─── Supplied data ───

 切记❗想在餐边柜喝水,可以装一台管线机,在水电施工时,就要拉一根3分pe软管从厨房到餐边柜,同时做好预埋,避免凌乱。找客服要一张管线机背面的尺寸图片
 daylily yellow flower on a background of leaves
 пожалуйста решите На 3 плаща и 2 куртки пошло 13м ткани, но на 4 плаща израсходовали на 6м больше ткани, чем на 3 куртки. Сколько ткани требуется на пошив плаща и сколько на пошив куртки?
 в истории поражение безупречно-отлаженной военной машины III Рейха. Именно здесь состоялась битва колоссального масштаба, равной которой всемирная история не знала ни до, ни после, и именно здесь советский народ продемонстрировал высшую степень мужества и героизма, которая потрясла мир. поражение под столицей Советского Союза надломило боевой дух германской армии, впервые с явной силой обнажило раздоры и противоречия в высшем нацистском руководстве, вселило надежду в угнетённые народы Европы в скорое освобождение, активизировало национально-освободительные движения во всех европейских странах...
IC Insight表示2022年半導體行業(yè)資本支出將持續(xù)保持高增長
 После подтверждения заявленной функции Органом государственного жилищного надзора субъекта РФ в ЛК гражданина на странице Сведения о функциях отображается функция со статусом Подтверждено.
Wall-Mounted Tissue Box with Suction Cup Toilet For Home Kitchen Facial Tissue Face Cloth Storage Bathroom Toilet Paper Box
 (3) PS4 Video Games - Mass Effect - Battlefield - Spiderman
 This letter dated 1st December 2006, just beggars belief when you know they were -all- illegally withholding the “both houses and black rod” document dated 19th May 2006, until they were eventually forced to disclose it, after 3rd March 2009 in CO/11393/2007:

───

What is being asked: Would you output every line of the listing exactly as given?

Written reply:
 切记❗想在餐边柜喝水,可以装一台管线机,在水电施工时,就要拉一根3分pe软管从厨房到餐边柜,同时做好预埋,避免凌乱。找客服要一张管线机背面的尺寸图片
 daylily yellow flower on a background of leaves
 пожалуйста решите На 3 плаща и 2 куртки пошло 13м ткани, но на 4 плаща израсходовали на 6м больше ткани, чем на 3 куртки. Сколько ткани требуется на пошив плаща и сколько на пошив куртки?
 в истории поражение безупречно-отлаженной военной машины III Рейха. Именно здесь состоялась битва колоссального масштаба, равной которой всемирная история не знала ни до, ни после, и именно здесь советский народ продемонстрировал высшую степень мужества и героизма, которая потрясла мир. поражение под столицей Советского Союза надломило боевой дух германской армии, впервые с явной силой обнажило раздоры и противоречия в высшем нацистском руководстве, вселило надежду в угнетённые народы Европы в скорое освобождение, активизировало национально-освободительные движения во всех европейских странах...
IC Insight表示2022年半導體行業(yè)資本支出將持續(xù)保持高增長
 После подтверждения заявленной функции Органом государственного жилищного надзора субъекта РФ в ЛК гражданина на странице Сведения о функциях отображается функция со статусом Подтверждено.
Wall-Mounted Tissue Box with Suction Cup Toilet For Home Kitchen Facial Tissue Face Cloth Storage Bathroom Toilet Paper Box
 (3) PS4 Video Games - Mass Effect - Battlefield - Spiderman
 This letter dated 1st December 2006, just beggars belief when you know they were -all- illegally withholding the “both houses and black rod” document dated 19th May 2006, until they were eventually forced to disclose it, after 3rd March 2009 in CO/11393/2007:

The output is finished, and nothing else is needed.